>>>>>

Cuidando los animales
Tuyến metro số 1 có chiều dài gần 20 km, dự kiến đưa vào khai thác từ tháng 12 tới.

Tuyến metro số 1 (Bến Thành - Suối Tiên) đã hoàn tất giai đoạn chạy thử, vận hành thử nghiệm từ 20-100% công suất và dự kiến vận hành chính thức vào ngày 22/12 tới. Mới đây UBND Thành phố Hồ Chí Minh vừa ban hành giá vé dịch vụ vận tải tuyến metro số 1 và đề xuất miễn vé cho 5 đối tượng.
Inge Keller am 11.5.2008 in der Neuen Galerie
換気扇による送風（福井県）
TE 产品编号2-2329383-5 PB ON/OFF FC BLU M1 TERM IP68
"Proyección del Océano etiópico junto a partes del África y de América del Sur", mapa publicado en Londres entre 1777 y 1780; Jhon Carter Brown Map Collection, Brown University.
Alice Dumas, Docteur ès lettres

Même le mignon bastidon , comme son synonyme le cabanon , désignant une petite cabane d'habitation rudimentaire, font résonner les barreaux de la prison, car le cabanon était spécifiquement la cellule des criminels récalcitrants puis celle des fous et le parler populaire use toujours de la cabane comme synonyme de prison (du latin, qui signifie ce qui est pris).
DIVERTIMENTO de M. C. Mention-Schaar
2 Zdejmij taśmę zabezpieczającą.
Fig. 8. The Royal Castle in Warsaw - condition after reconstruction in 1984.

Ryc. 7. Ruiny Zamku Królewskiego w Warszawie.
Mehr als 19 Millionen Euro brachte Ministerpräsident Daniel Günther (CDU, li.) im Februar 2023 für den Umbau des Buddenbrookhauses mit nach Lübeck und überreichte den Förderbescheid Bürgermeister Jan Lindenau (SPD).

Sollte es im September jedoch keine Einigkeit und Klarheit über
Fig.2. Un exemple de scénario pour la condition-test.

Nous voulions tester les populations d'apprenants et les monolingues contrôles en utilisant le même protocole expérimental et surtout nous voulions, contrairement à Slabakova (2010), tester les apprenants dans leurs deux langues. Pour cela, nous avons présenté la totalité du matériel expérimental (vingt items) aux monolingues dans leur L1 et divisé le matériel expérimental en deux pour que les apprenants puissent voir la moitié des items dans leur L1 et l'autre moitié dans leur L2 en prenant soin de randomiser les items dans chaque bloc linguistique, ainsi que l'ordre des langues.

<<<<<
>>>>>

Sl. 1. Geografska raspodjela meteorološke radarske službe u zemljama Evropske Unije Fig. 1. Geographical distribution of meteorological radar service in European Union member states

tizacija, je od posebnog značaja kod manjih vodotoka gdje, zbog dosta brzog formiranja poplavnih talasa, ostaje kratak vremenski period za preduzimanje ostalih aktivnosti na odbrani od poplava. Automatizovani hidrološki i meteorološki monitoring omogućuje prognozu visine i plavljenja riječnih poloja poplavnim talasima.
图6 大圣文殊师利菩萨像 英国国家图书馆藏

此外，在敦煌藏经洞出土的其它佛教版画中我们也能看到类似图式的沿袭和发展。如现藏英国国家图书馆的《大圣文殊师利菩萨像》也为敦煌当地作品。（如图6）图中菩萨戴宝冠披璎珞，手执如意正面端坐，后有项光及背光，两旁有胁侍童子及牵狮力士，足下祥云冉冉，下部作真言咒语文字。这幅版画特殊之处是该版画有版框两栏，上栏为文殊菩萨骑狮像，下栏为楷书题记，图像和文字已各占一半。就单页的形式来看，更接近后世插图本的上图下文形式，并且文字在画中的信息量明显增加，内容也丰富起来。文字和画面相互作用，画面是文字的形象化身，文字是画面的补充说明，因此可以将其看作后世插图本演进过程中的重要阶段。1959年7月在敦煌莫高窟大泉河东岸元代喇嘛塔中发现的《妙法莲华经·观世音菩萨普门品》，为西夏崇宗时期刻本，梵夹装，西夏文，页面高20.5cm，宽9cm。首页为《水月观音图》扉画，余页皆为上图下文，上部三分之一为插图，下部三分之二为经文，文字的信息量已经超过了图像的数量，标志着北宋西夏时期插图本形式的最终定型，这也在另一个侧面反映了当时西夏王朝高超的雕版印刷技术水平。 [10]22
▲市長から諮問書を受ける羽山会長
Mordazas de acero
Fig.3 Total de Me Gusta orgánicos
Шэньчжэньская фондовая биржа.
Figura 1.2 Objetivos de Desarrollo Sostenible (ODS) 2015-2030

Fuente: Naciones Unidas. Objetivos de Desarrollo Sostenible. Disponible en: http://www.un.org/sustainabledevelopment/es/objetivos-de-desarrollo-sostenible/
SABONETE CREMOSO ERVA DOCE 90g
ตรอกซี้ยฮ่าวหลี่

<<<<<

▶ ASSIGNMENT: Your answer should consist of the lines of the listing that contain "Objetivos", copied as they stand.

▶ ANSWER AREA:
Figura 1.2 Objetivos de Desarrollo Sostenible (ODS) 2015-2030
Fuente: Naciones Unidas. Objetivos de Desarrollo Sostenible. Disponible en: http://www.un.org/sustainabledevelopment/es/objetivos-de-desarrollo-sostenible/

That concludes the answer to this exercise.